» **THE TASK**
Output, word for word, the line that contains "11月18日,医学检验学院学" and all lines following it to the end of the listing. Drop the pictures.

#### DATASET EXCERPT

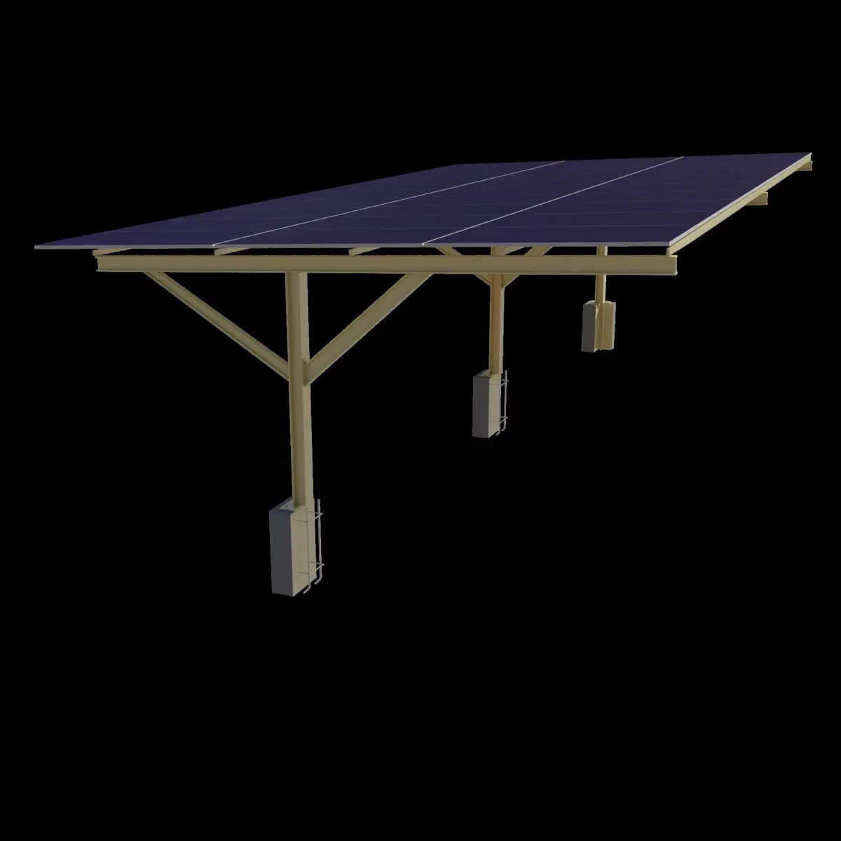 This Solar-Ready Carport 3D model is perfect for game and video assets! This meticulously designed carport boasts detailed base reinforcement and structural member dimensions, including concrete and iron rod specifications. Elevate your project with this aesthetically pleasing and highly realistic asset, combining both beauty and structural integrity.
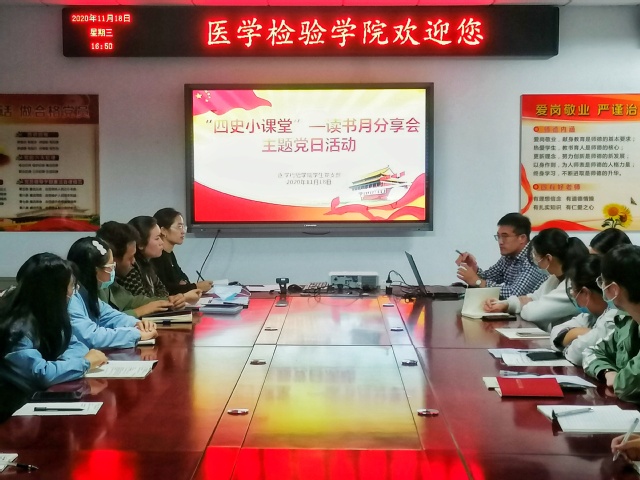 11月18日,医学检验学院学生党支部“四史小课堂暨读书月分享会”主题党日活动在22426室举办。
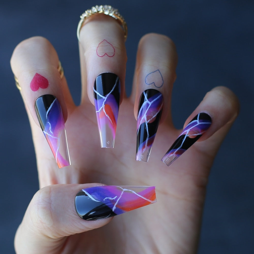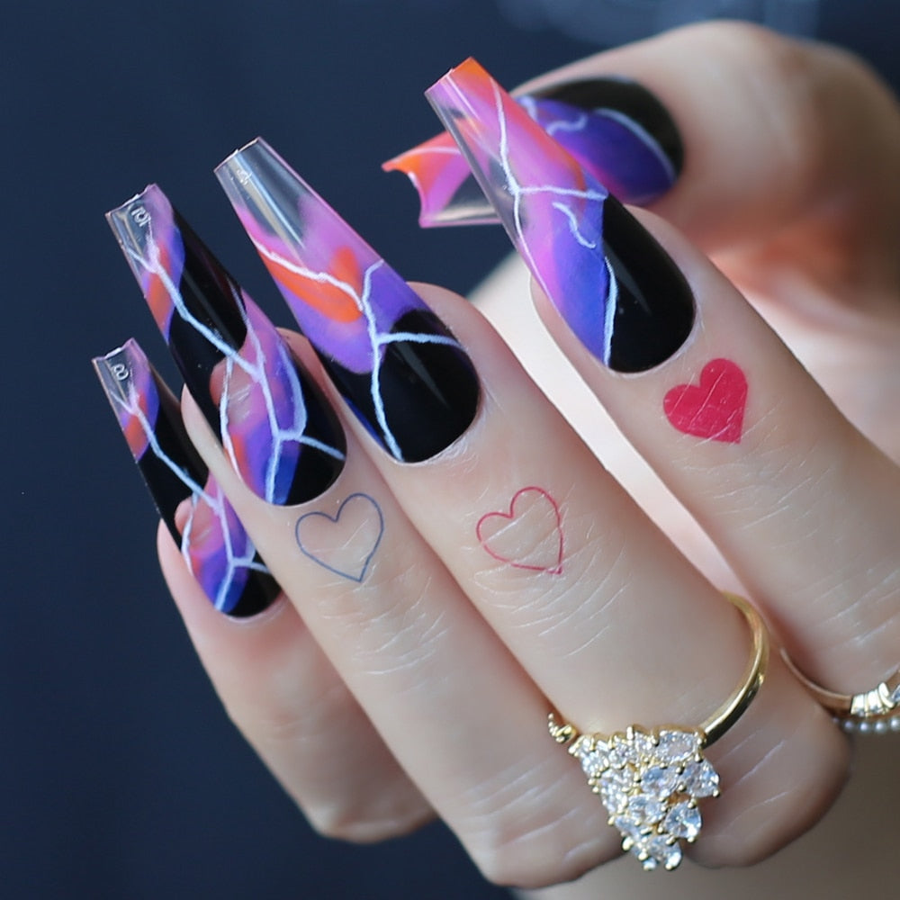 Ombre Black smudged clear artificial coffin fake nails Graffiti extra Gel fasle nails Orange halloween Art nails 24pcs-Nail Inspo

########

» **TASK ANSWER**
 11月18日,医学检验学院学生党支部“四史小课堂暨读书月分享会”主题党日活动在22426室举办。
 Ombre Black smudged clear artificial coffin fake nails Graffiti extra Gel fasle nails Orange halloween Art nails 24pcs-Nail Inspo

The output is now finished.